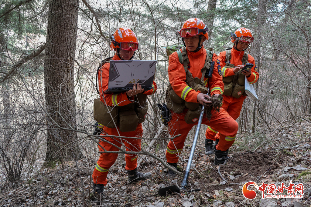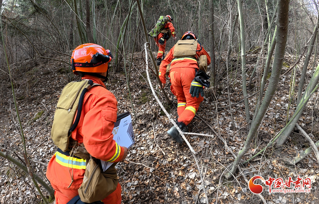 甘肅消防救援機(jī)動(dòng)總隊(duì)蘭州支隊(duì)消防救援人員在連城國家級(jí)自然保護(hù)區(qū)竹林溝進(jìn)行勘察
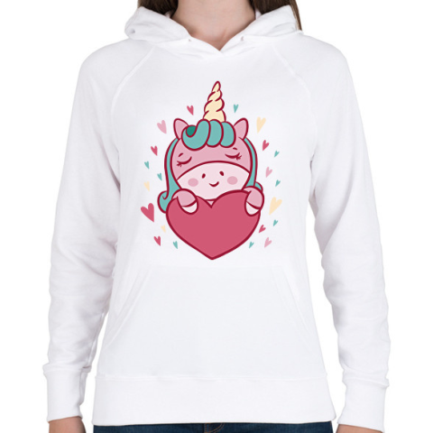 1 kép PRINTFASHION Unikornis szerelem - Női kapucnis pulóver - Fehér
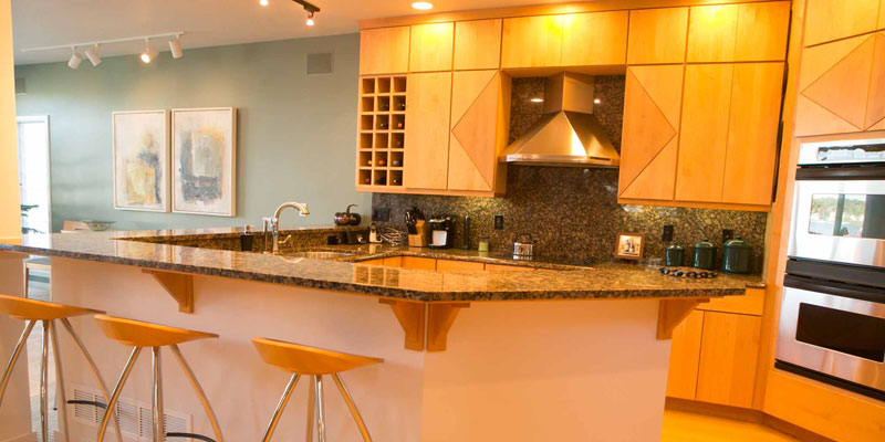 The contemporary home features wood floors, a wall of glass, harmonizing shades of biscuit and ivory with aqua. An impressive kitchen with granite countertops and floor to ceiling cabinets, specifically designed for the house, features handy cut-outs.
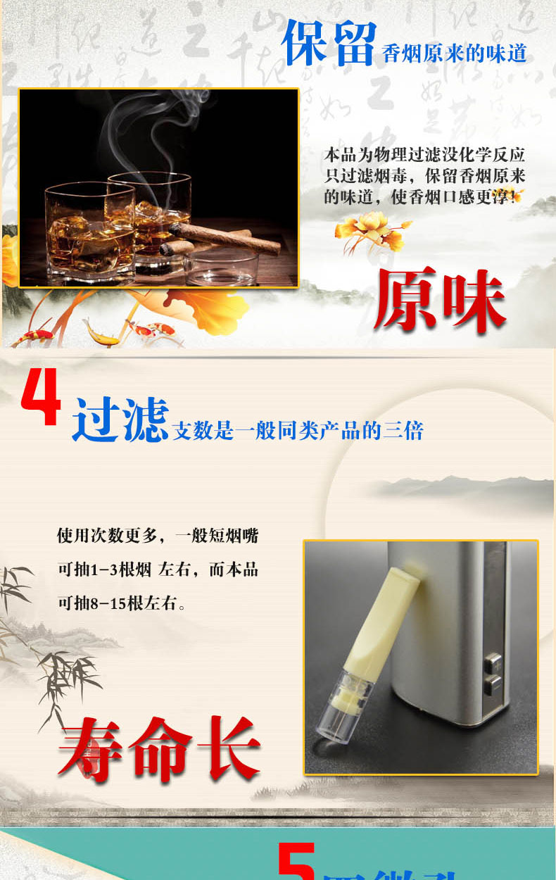粗细烟皆可使用,多重过滤,双色可选,健康时尚,高端之选
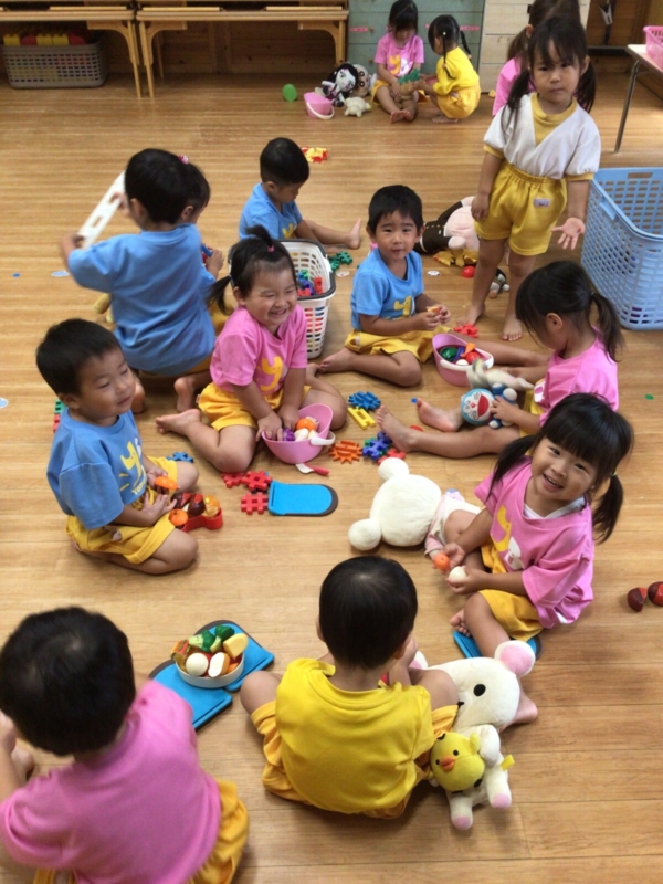 「一緒に遊ぼう~!」「みんなでおかたづけよ~!」と声を掛け合いながら遊んだりお片付けする姿が沢山見られています♪
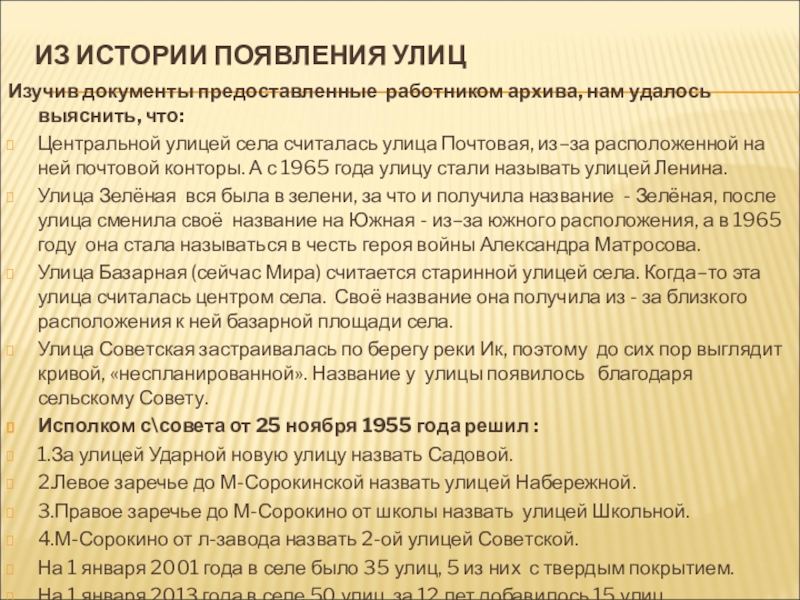 Работая над темой, мы узнали историю села, историю образования улиц, познакомились

########

## [YOUR ASSIGNMENT]
Without changing a single word, set down all of the material again and leave out its pictures.

## [WORKED SOLUTION]
 甘肅消防救援機(jī)動(dòng)總隊(duì)蘭州支隊(duì)消防救援人員在連城國家級(jí)自然保護(hù)區(qū)竹林溝進(jìn)行勘察
 1 kép PRINTFASHION Unikornis szerelem - Női kapucnis pulóver - Fehér
 The contemporary home features wood floors, a wall of glass, harmonizing shades of biscuit and ivory with aqua. An impressive kitchen with granite countertops and floor to ceiling cabinets, specifically designed for the house, features handy cut-outs.
粗细烟皆可使用,多重过滤,双色可选,健康时尚,高端之选
 「一緒に遊ぼう~!」「みんなでおかたづけよ~!」と声を掛け合いながら遊んだりお片付けする姿が沢山見られています♪
 Работая над темой, мы узнали историю села, историю образования улиц, познакомились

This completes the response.